(Extracted records)
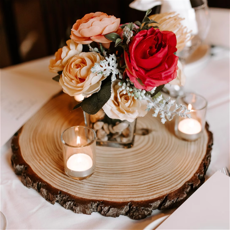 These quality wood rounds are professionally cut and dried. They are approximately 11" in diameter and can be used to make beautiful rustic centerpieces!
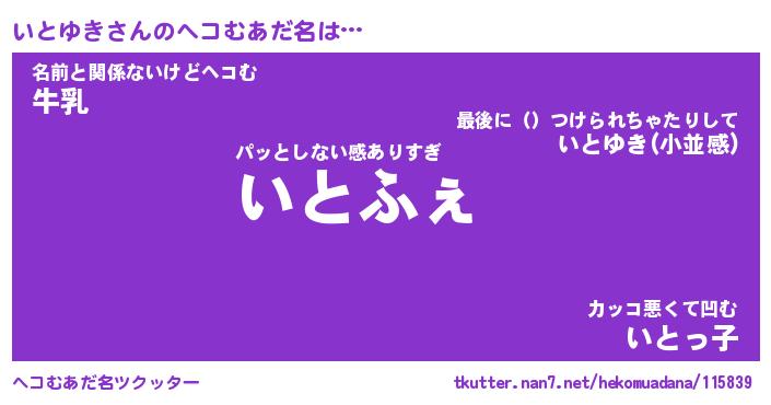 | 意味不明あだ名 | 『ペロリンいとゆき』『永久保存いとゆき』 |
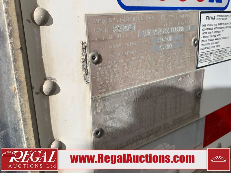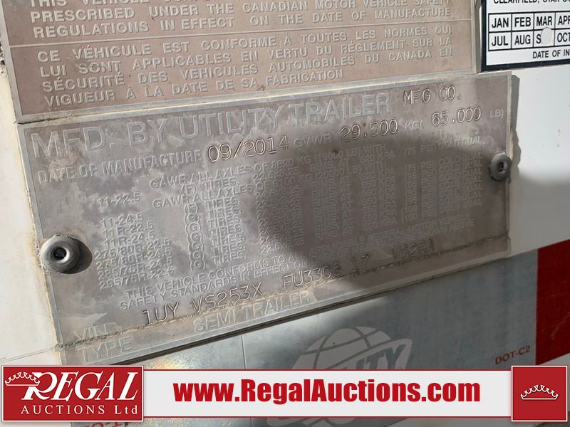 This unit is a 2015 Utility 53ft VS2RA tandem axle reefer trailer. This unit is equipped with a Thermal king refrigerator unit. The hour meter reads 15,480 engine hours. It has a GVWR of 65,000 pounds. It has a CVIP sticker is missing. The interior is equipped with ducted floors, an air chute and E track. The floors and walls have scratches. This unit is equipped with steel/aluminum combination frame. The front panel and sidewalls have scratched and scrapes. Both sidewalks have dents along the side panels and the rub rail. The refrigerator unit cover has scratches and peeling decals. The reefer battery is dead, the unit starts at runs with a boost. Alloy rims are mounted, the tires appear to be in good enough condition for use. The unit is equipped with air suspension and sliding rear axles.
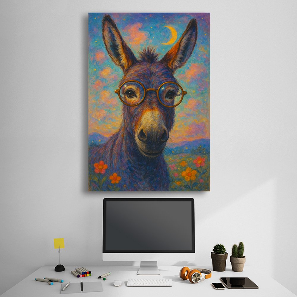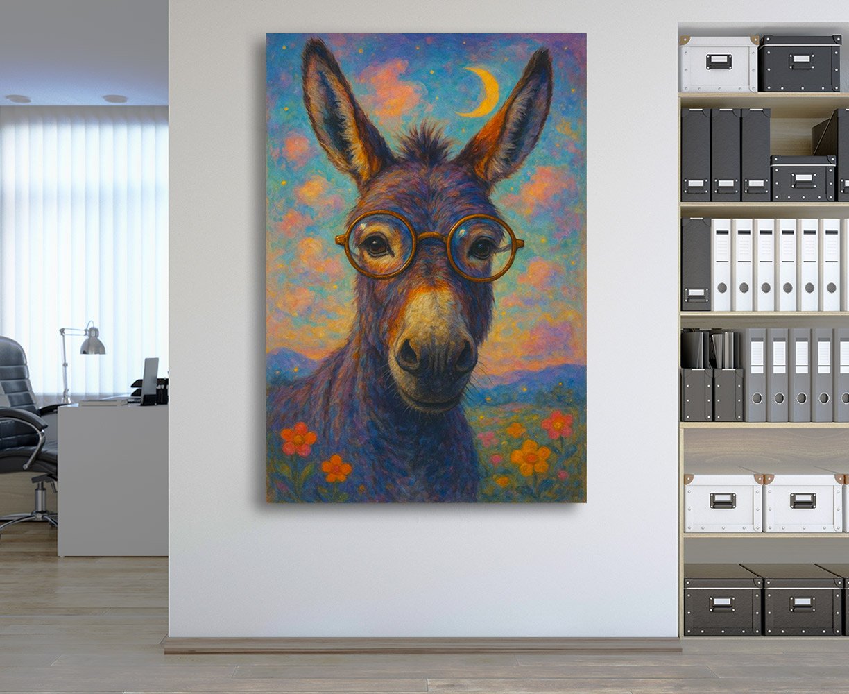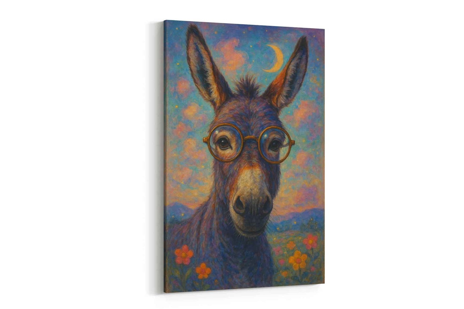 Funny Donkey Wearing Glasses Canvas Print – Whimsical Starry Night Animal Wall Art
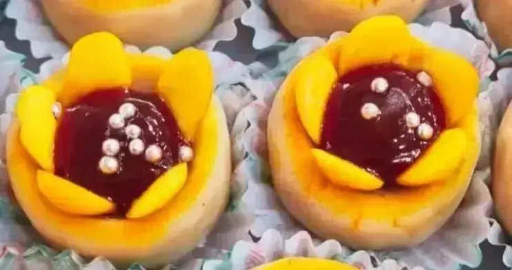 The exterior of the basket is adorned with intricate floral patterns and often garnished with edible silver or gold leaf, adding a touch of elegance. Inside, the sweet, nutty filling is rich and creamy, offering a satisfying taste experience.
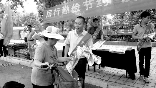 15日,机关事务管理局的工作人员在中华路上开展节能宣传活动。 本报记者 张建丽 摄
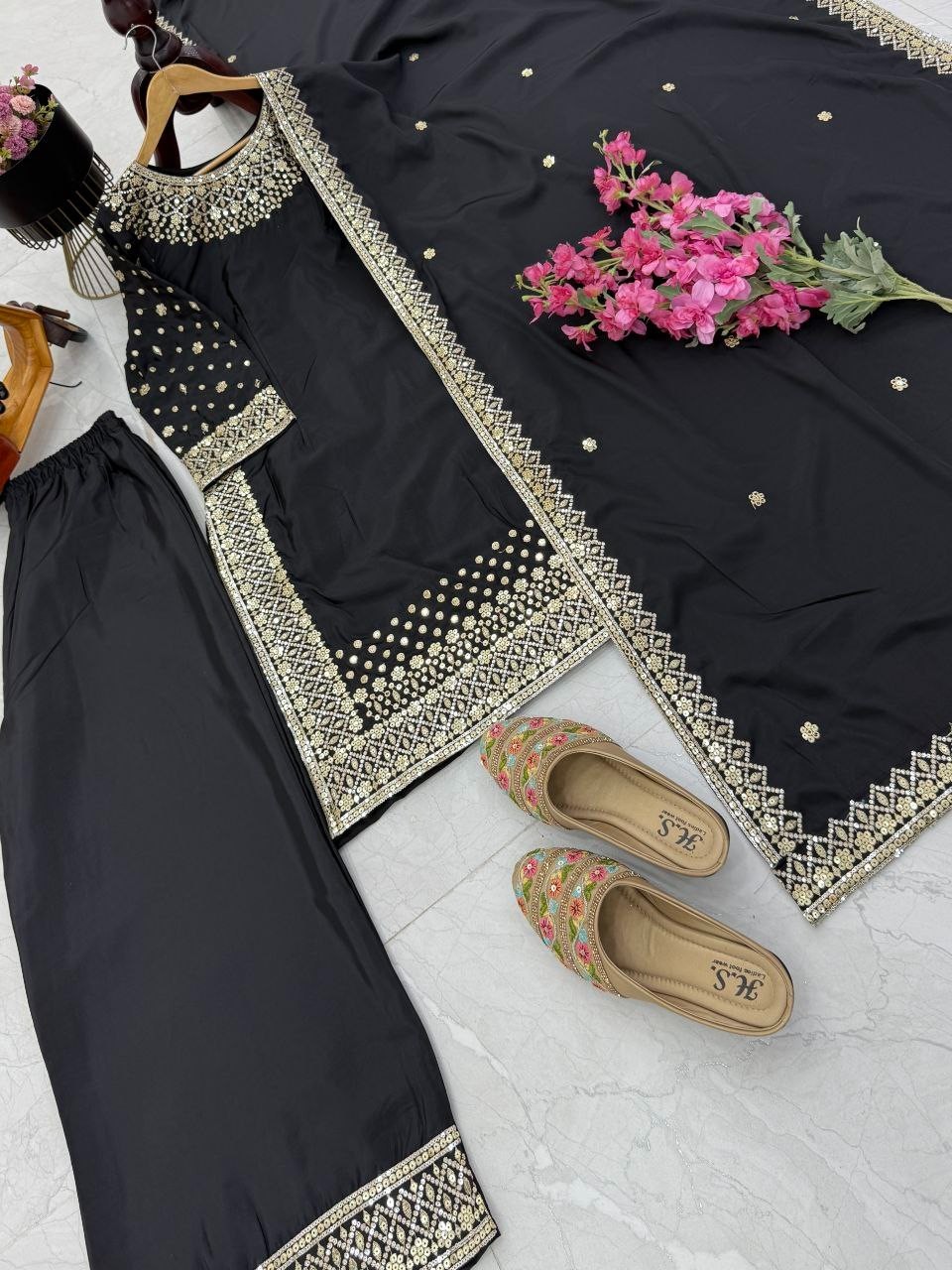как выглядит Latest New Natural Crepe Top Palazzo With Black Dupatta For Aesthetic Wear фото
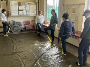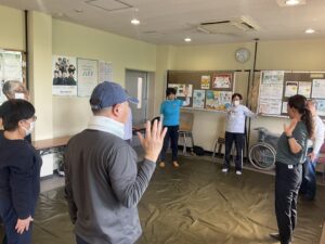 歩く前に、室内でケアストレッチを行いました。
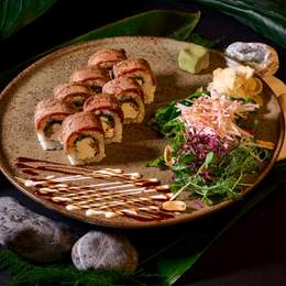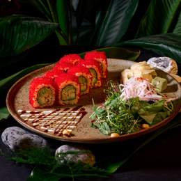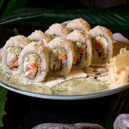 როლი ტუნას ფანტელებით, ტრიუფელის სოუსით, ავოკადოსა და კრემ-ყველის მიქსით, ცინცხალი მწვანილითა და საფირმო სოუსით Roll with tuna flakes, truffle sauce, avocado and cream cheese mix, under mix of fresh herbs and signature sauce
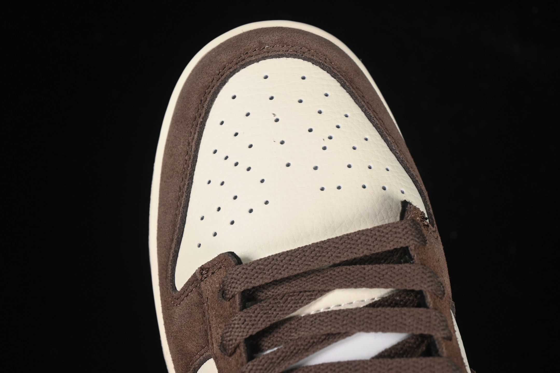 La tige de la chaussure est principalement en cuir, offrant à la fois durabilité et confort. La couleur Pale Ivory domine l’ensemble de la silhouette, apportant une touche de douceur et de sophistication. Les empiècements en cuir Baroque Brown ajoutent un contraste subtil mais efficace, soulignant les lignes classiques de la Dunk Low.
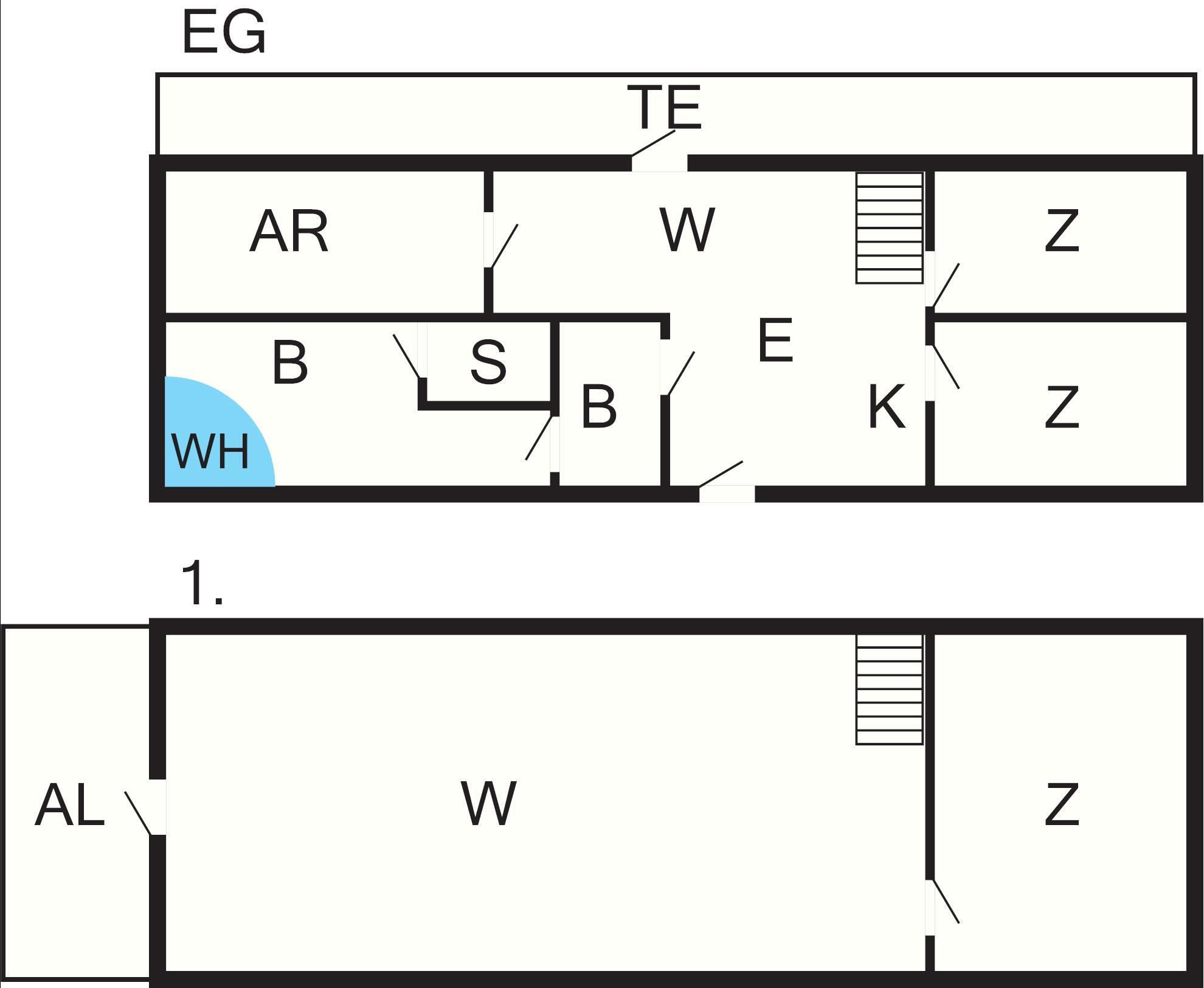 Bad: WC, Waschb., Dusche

How to complete this task |
Give again exactly the lines from the one holding "La tige de la" to the final line of the records, both ends included; any pictures stay out.

Result of the exercise |
 La tige de la chaussure est principalement en cuir, offrant à la fois durabilité et confort. La couleur Pale Ivory domine l’ensemble de la silhouette, apportant une touche de douceur et de sophistication. Les empiècements en cuir Baroque Brown ajoutent un contraste subtil mais efficace, soulignant les lignes classiques de la Dunk Low.
 Bad: WC, Waschb., Dusche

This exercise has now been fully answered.